Once again, this novel type of climate stabilization probably would be aimed at attenuating the near-UV solar spectrum, and thus would have economic costs were would be net-negative.

Most all of these atmospherically-deployed scatterers remain ‘locked’ into the air mass-parcels into which they are initially deployed and thus eventually descend from the stratosphere, mostly as a result of vertical transport in the polar vortices at high latitudes.

Once out of the stratosphere, they ‘rain out’ along with other tropospheric particulate material.

The quantities so deposited are tiny compared to natural particulate depositions, e.g., wind-lofted dust and volcanic aerosol.

The radiative forcing ‘magic’ results from the mid-stratospheric deployment of these optimally-formed scatterers.

Virtually no natural particulate – with the exception of a small fraction of explosive volcanic ejecta – ever ascends so high, and thus is atmosphere-resident for so very long or ‘works’ so hard in a radiative transport sense; tropospheric particulates usually ‘wash out’ within time-frames of a few days to a couple of weeks.

Even volcanic aerosol particulate typically is far too large to be mass-optimal, and also is loaded with chemical impurities which unfavorably impact stratospheric ozone levels; it’s of interest in the present discussion only as an undoubted proof-of-concept of the several different types of engineered-scatterer systems which we propose.

Finally, deployment of one or more metallic scattering screens so diaphanous as to be literally invisible to the human eye just inside of the interior Lagrange point of the Earth-Sun system and on the Earth-Sun axis represents the absolute optimum of all means known to us for insuring long-term climate stability, and is rather novel.

Barely 3,000 tonnes of optimally-implemented metallic screen suffices to stabilize climate against worst-case greenhouse warming through preferential scattering of near-IR solar radiation so that it just barely misses the Earth, and the same-sized screen in a slightly off-axis position could be used to prevent future Ice Ages, as well, by scattering ‘near-miss’ solar radiation back onto the Earth.

Exactly how to execute the deployment of such a long-term capital asset of the human race at the present time isn’t clear, however, and therefore its cost is indeterminate.

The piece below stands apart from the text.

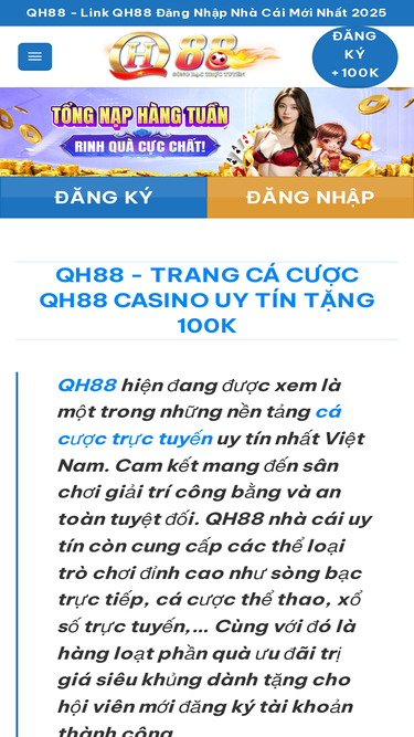 73%Qh88 HD là thương hiệu nhà cái đỉnh cao số 1 Châu Á, cung cấp đa dạng sản phẩm trò chơi như Live Casino, bắn cá 3D, cá cược thể thao,... Qh88 tặng 100k ✔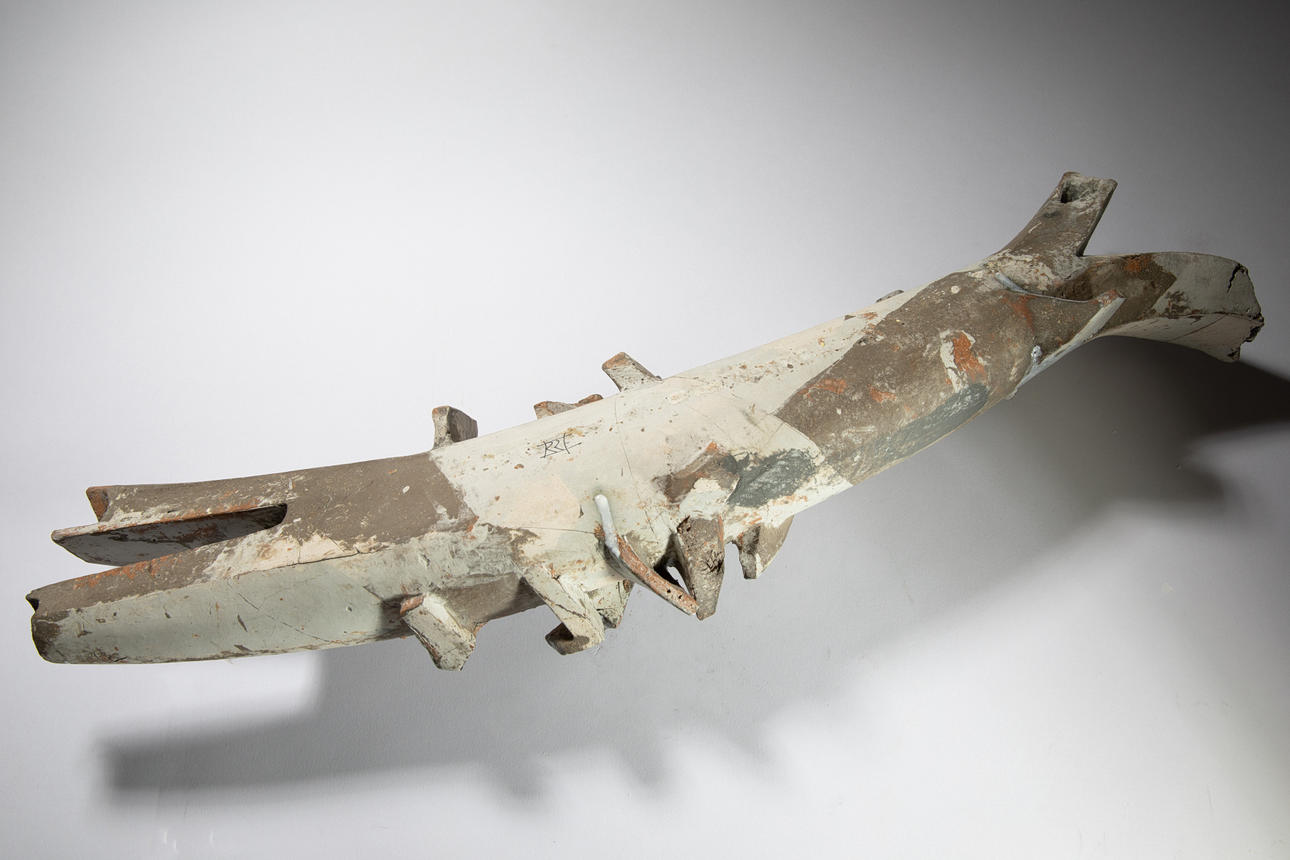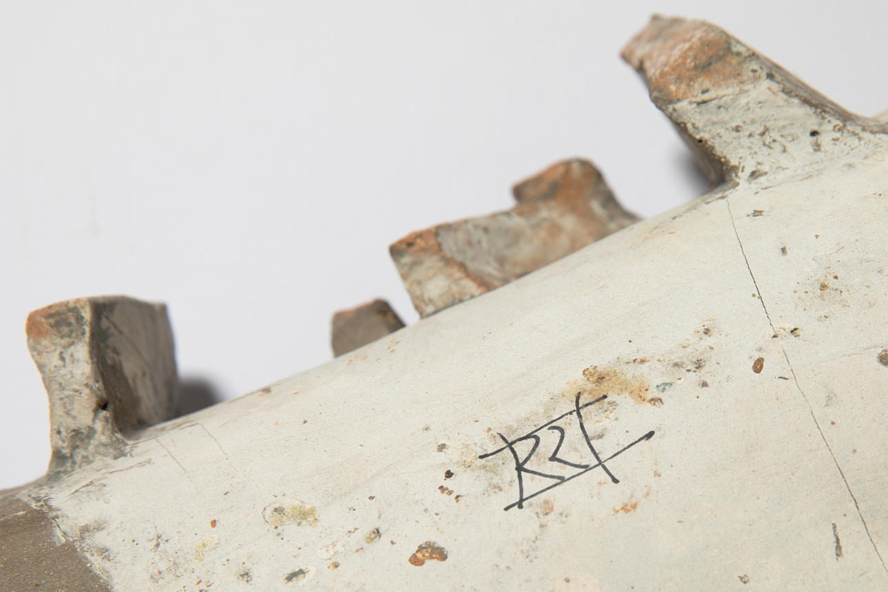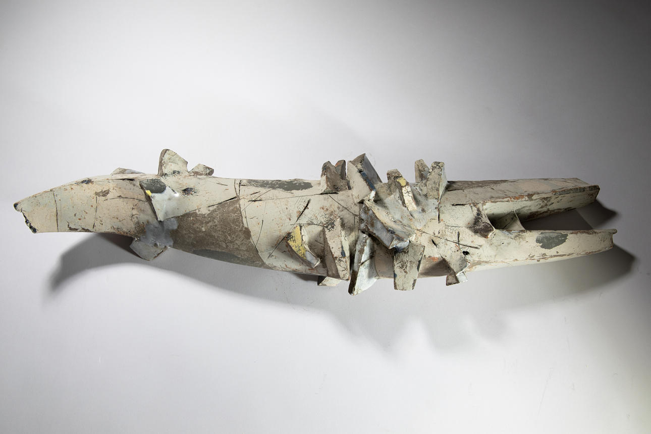 Fisch. Keramik. Weiße, gelbe und hellblaue Glasur. H. 11 cm, D. 67 cm. Signatur auf Unterseite.

The foregoing considered, then, if you’re inclined to subscribe to the Rio Framework Convention’s directive that mitigation of global warming should be effected in the “lowest possible cost” manner – whether or not you believe that the Earth is indeed warming significantly above-and beyond natural rates, and whether or not you believe that human activities are largely responsible for such warming, and whether or not you believe that problems likely to have significant impacts only a century hence should be addressed with current technological ways-&-means rather than be deferred for obviating with more advanced means – then you will necessarily prefer active technical management of radiation forcing of the Earth to administrative management of greenhouse gas inputs to the Earth’s atmosphere, for the practical reasons sketched in the foregoing.

Indeed, if credit is properly taken for improved agricultural productivity resulting from increased CO2 and decreased solar UV fluxes – and human dermatological health benefits are likewise properly accounted for – we expect that the net economic “cost” of radiative forcing management will be seen to be extraordinarily negative, perhaps amounting to several hundred billions of dollars each year, worldwide, as suggested.

The more spectacular sunrises and sunsets and the bluer skies will be non-economic “collateral benefits.”